Amid its ongoing invasion from the Russian Federation, the Ukrainian government wants to depict some war moments to show the world in the form of non-fungible tokens (NFTs). Thus, the nation continues to employ the asset class to help fund its defense.
Russia-Ukraine War as NFTs
The popularity boom of the NFT sector last year led to countless musicians, sportspeople, businesses, and other celebrities and prominent figures hopping onboard. However, Russia’s decision to launch a “special military operation” in Ukraine prompted the latter’s government to try using digital collections to aid its struggling defense.
At first, Ukraine wanted to airdrop some of the proceeds it garnered from cryptocurrency donations, which are in the tens of millions of dollars now. However, it failed to do so and decided to go with an NFT route.

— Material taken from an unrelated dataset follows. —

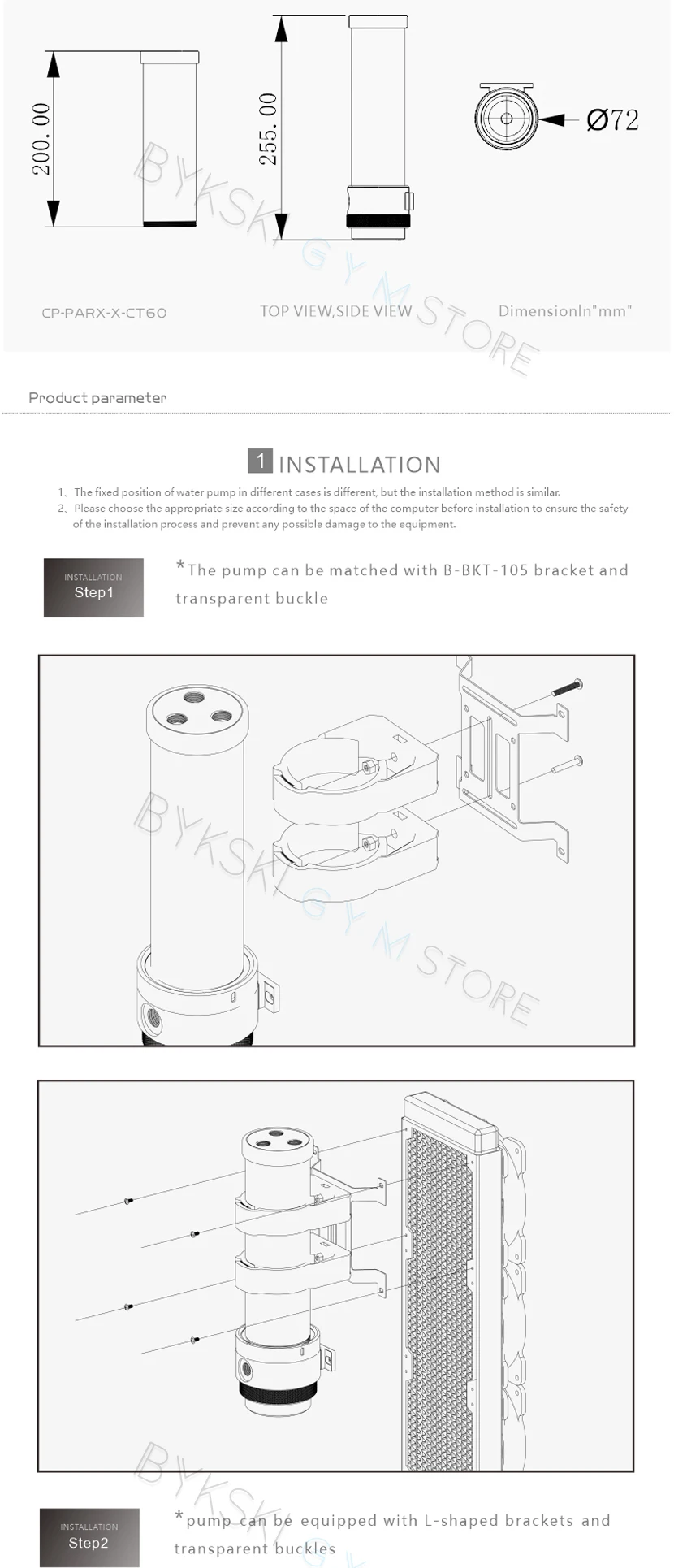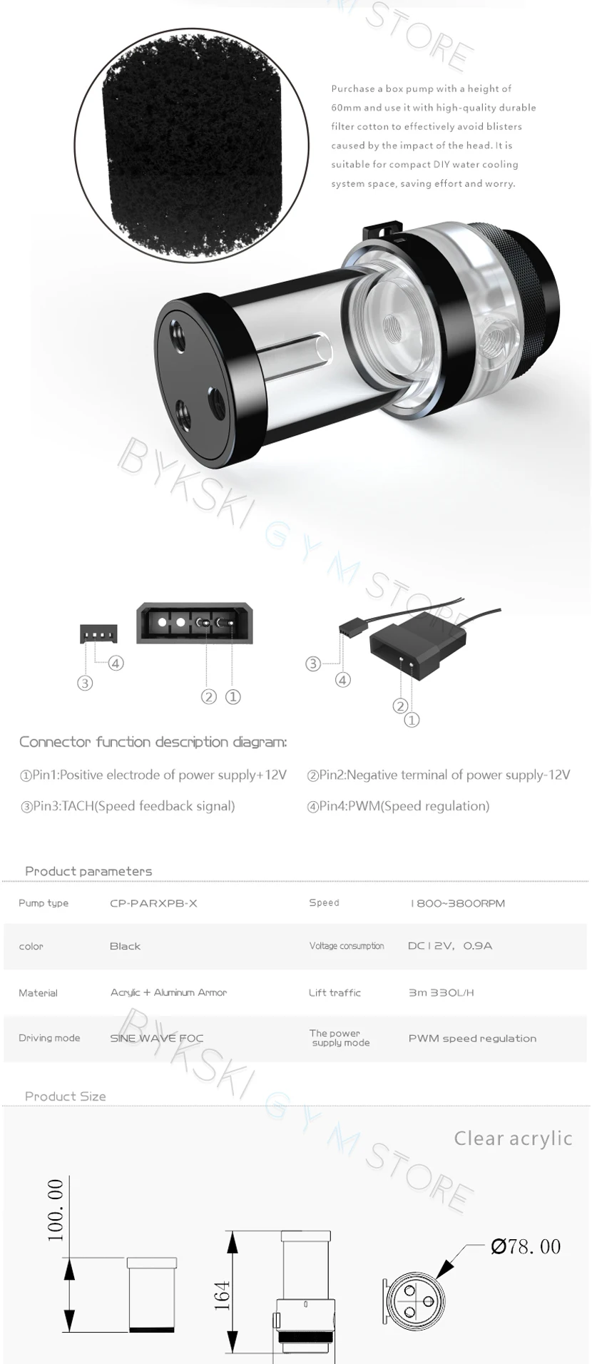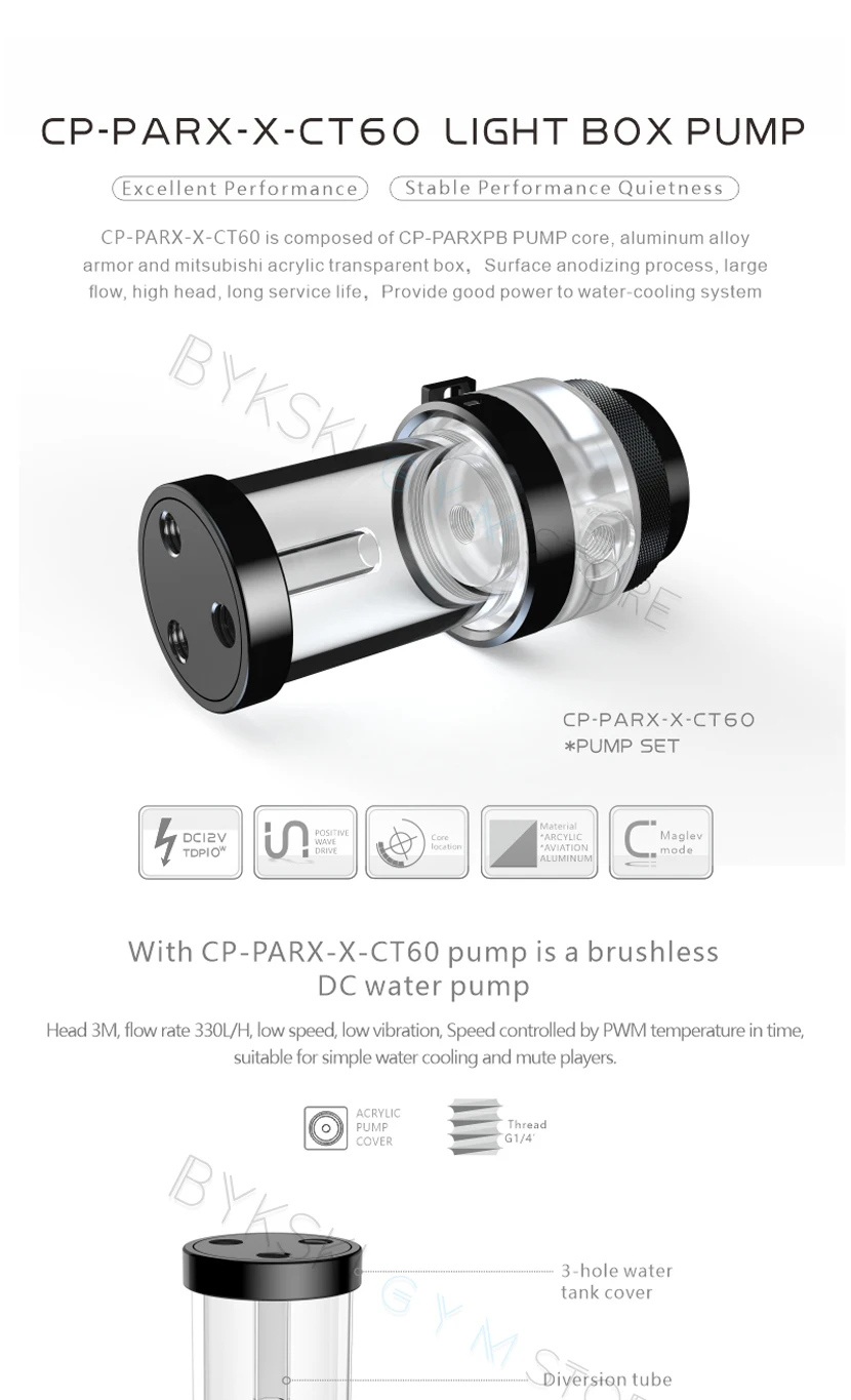 Comprar Bykski-bomba de agua de 60/100/150/200mm + Combo de depósito, refrigeración de agua para PC, AIO, tanque de agua, 300L/H, PWMCP-PA-X-CT60-V2

As reported by The Guardian, the nation’s deputy minister of digital transformation, Alex Bornyakov, has provided more details on the matter. He asserted that the digital collections will be “like a museum of the Russian-Ukrainian war. We want to tell the world in NFT format.”
The politician refused some assumptions that the crypto proceeds will be used to buy weapons. Instead, he promised that they will go for defense equipment and to fund media activities.
“We are buying night-vision goggles, optics, helmets, bulletproof vests.” – he added.
CryptoPotato reported last week the plans of Wladimir Klitschko – the former heavyweight boxing champion – to launch an NFT collection to raise funds for his homeland Ukraine.
Russian Social Propaganda Disabled?
Before its invasion of Ukraine, the Russian government began a media campaign justifying its future actions and explaining to locals why it had to do what it planned to do. Bornyakov labeled this approach one of Russia’s most powerful weapons and believes that global brands, such as Facebook and Instagram, have done the right thing by blocking access to such content.
“We convinced social media platforms, international companies, to either block Russia, go out from Russia, or completely change their information policy.” – he added.
It’s worth noting that portions of the crypto industry also undertook a similar approach, with Coinbase blocking 25,000 Russian addresses supposedly linked to illegal activities.